Start of Block

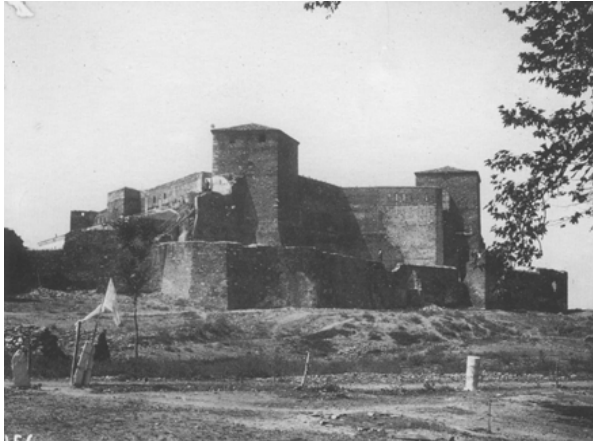
Το Επταπύργιο στις αρχές του 20 ου αιώνα

στο βόρειο άκρο από ένα ισχυρό φρούριο, το Επταπύργιο ή Γεντικουλέ, γιατί τον περίβολο υπερασπίζουν επτά πύργοι, όπως το Επταπύργιο της Κωνσταντινούπολης. Προς το μέρος της θάλασσας, περιέτρεχε την πόλη το τείχος, το οποίο βρεχόταν από την θάλασσα. Σε πολλά μέρη μπορούσαν να αγκυροβολήσουν ασφαλή τα πλοία, προς το δυτικό, μάλιστα, μέρος είχε κατασκευαστεί ασφαλέστατος εσωτερικός λιμένας.
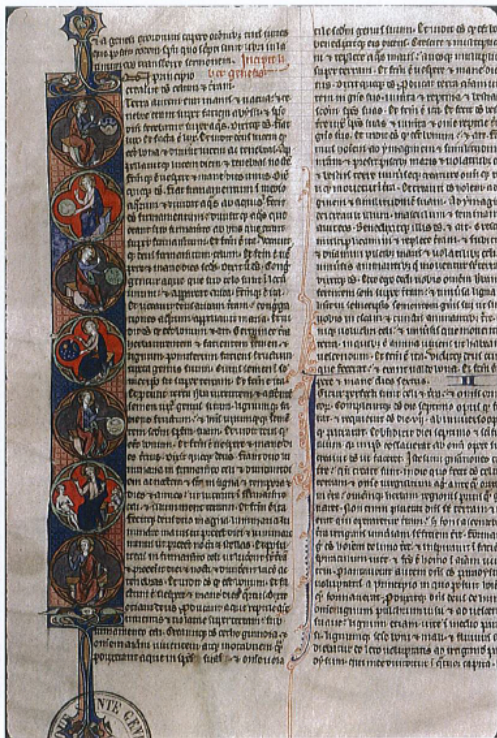
FIG. 14 – Paris, Bibliothèque Sainte-Geneviève, manuscrit 1181, fol 3v. « La Création ».
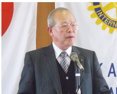
ガバナー補佐 西尾 淳様
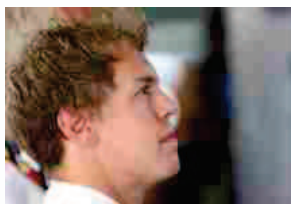
Vettel alla Ferrari annuncio ufficiale

455 cavalli e 603 Nm di coppia, accelerazione da 0 a 100 km/h in 3"9 e velocità massima di 299 km/h
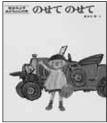
のせてのせて 松谷 みよ子・文 東光寺 啓・絵/童心社
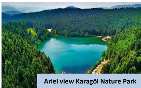
Ariel view Karagöl Nature Park

End of Block

> [TASK PROMPT]:
Retype, word for word, only the line holding "Vettel alla Ferrari annuncio ufficiale" and the lines after it through the final line of the listing above, and leave every picture out.

> [THE COMPLETED TASK]:
Vettel alla Ferrari annuncio ufficiale

455 cavalli e 603 Nm di coppia, accelerazione da 0 a 100 km/h in 3"9 e velocità massima di 299 km/h
のせてのせて 松谷 みよ子・文 東光寺 啓・絵/童心社
Ariel view Karagöl Nature Park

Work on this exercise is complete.